In December 2020, the parties of the Gupkar Alliance joined hands to contest the elections for the district development council – the third tier of local government in Kashmir. The alliance swept the polls but Lone accused the National Conference and the People’s Democratic Party of fielding separate proxy candidates.
In January 2021, Lone walked out of the Gupkar alliance. Since then, his party has been measured about the restoration of special status and in its criticism of the BJP.
Lone spoke about a “new social contract” between the people of Jammu and Kashmir and New Delhi. He has also talked about seeking “safeguards in consonance with today’s times, which are rooted in economics”.
Battle of the newbies?
Yet another political outfit had cropped up in Kashmir post-2019 – the Apni Party. Composed largely of second-rung leaders of older Kashmiri parties, it was widely believed to have been formed with the BJP’s blessings, as part of its project to fashion a new mainstream.
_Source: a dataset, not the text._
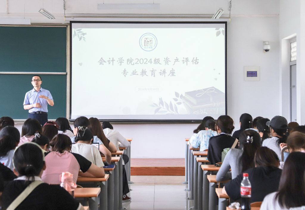 为进一步帮助学院2024级全体新生了解专业情况,适应大学生活,制定学习计划和目标,太阳成集团tyc151cc于9月19日下午在圣井校区开展了新生专业教育活动。资产评估系主任葛锐、会计系副主任王金磊、审计系副主任刘玉玉、财务管理系副主任纪端参加活动。

The Apni Party did not ask for the restoration of Article 35A nor autonomy under Article 370, merely the permissible demand of statehood. It was projected as the main opposition to the Gupkar Alliance.
But in the local body elections held since then, the party failed to cut any ice with voters. If Azad’s new party was meant to pave the way for parties favoured by the BJP, it may not be that easy.
According to Baba, the Apni Party already seems worried about the new entrant. Apni Party leader Altaf Bukhari has been fierce in his criticism of Azad. “People of Jammu and Kashmir are not fools,” said Bukhari during a public address in South Kashmir on August 28. “They know with whom you struck a deal and backstabbed the people of Jammu and Kashmir.”
A day after Bukhari targeted Azad, Shoaib Nabi Lone, a senior Apni Party leader from North Kashmir, quit the party and declared his support for the former Congress leader. It is believed that he will not be the only one from the Apni Party to join hands with Azad.